=== Required action ===
Using the material below, print the line that contains "西部決策網(wǎng)訊 8", the line that contains "Lounge chairs and", and every line in between, exactly and nothing else.

=== Dataset ===

# # # # #

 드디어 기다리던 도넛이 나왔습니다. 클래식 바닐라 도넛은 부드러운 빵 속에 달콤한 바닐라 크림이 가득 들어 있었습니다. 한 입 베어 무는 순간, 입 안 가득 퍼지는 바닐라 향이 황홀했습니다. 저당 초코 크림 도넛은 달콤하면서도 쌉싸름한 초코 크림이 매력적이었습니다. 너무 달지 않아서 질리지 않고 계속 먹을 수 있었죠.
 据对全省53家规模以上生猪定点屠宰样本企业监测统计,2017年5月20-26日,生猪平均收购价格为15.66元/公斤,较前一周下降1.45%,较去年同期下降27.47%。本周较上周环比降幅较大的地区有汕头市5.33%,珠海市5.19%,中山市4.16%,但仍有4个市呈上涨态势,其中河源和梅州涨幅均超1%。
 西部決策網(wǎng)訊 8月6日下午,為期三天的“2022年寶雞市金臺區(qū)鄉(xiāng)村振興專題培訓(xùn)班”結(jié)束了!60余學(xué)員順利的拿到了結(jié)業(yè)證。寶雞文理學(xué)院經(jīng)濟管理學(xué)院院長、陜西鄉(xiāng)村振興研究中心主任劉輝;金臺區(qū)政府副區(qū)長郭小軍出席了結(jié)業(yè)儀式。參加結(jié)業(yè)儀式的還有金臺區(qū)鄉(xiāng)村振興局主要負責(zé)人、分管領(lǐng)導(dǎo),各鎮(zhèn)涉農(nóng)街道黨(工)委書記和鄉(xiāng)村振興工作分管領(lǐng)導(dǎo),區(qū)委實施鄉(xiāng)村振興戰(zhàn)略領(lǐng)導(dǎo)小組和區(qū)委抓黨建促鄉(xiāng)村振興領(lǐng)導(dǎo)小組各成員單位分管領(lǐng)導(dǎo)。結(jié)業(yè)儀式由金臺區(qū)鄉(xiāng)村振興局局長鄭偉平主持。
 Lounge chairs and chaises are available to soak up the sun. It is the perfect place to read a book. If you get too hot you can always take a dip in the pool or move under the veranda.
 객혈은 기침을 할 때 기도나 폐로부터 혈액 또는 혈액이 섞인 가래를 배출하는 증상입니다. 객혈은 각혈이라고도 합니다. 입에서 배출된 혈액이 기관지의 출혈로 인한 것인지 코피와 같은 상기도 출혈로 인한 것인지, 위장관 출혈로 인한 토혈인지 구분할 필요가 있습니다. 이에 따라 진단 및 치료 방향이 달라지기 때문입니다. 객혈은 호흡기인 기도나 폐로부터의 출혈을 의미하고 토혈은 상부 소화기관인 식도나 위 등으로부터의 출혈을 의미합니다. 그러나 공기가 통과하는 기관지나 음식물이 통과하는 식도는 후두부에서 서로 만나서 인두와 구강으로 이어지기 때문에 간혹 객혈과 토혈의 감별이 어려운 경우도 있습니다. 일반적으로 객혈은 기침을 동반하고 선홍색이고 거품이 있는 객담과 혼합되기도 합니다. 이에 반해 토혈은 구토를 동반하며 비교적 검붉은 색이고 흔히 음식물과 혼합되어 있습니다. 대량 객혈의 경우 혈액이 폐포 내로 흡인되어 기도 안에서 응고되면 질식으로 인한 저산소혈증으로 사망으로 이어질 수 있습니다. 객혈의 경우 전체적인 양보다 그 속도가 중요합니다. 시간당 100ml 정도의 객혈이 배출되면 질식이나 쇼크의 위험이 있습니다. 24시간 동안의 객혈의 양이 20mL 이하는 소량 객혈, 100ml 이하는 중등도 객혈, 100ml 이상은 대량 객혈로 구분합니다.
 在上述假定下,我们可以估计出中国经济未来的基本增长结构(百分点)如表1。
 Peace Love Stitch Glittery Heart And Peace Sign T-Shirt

# # # # #

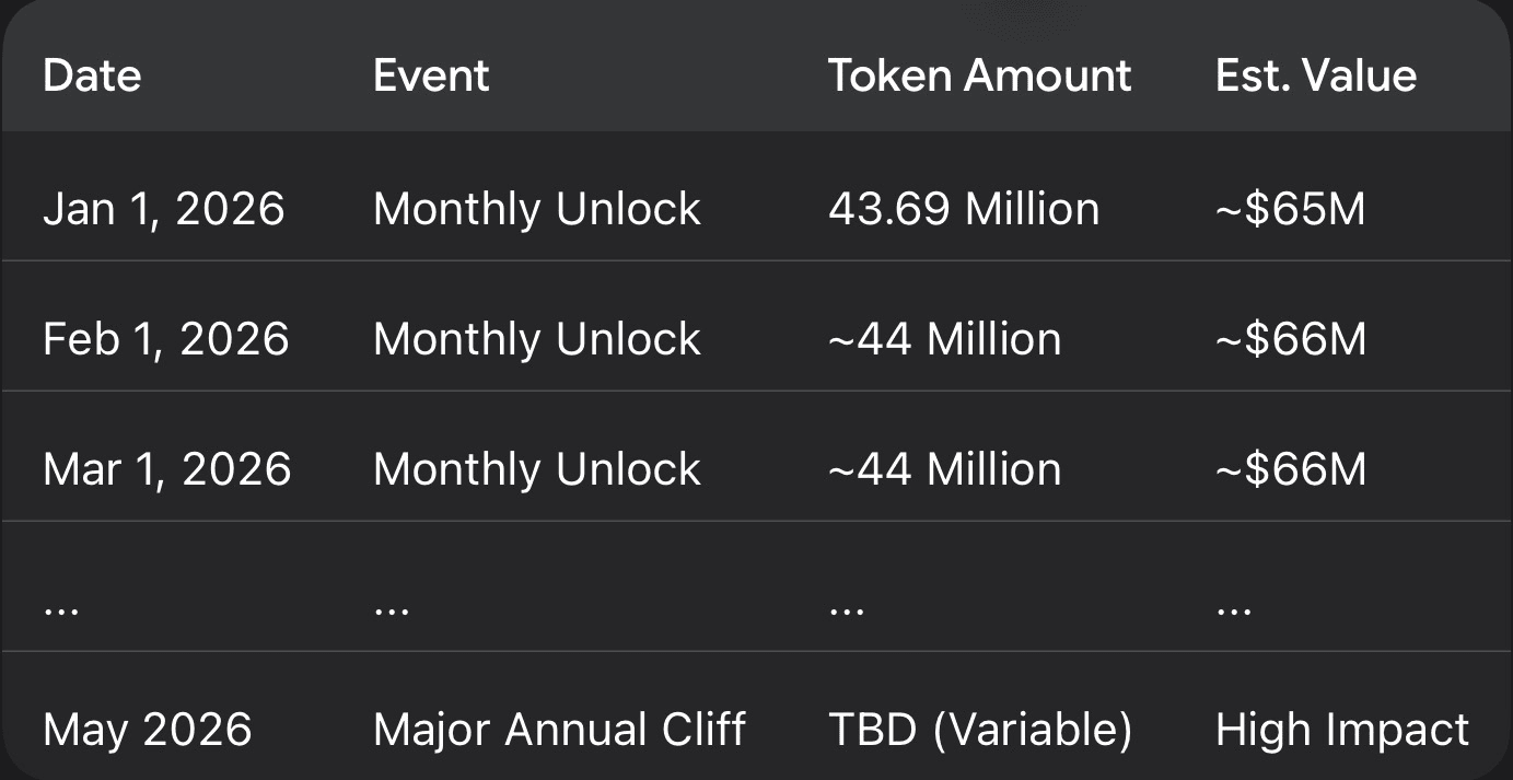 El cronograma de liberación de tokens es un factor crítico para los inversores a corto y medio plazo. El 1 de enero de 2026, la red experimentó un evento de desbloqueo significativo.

# # # # #

=== Response ===
 西部決策網(wǎng)訊 8月6日下午,為期三天的“2022年寶雞市金臺區(qū)鄉(xiāng)村振興專題培訓(xùn)班”結(jié)束了!60余學(xué)員順利的拿到了結(jié)業(yè)證。寶雞文理學(xué)院經(jīng)濟管理學(xué)院院長、陜西鄉(xiāng)村振興研究中心主任劉輝;金臺區(qū)政府副區(qū)長郭小軍出席了結(jié)業(yè)儀式。參加結(jié)業(yè)儀式的還有金臺區(qū)鄉(xiāng)村振興局主要負責(zé)人、分管領(lǐng)導(dǎo),各鎮(zhèn)涉農(nóng)街道黨(工)委書記和鄉(xiāng)村振興工作分管領(lǐng)導(dǎo),區(qū)委實施鄉(xiāng)村振興戰(zhàn)略領(lǐng)導(dǎo)小組和區(qū)委抓黨建促鄉(xiāng)村振興領(lǐng)導(dǎo)小組各成員單位分管領(lǐng)導(dǎo)。結(jié)業(yè)儀式由金臺區(qū)鄉(xiāng)村振興局局長鄭偉平主持。
 Lounge chairs and chaises are available to soak up the sun. It is the perfect place to read a book. If you get too hot you can always take a dip in the pool or move under the veranda.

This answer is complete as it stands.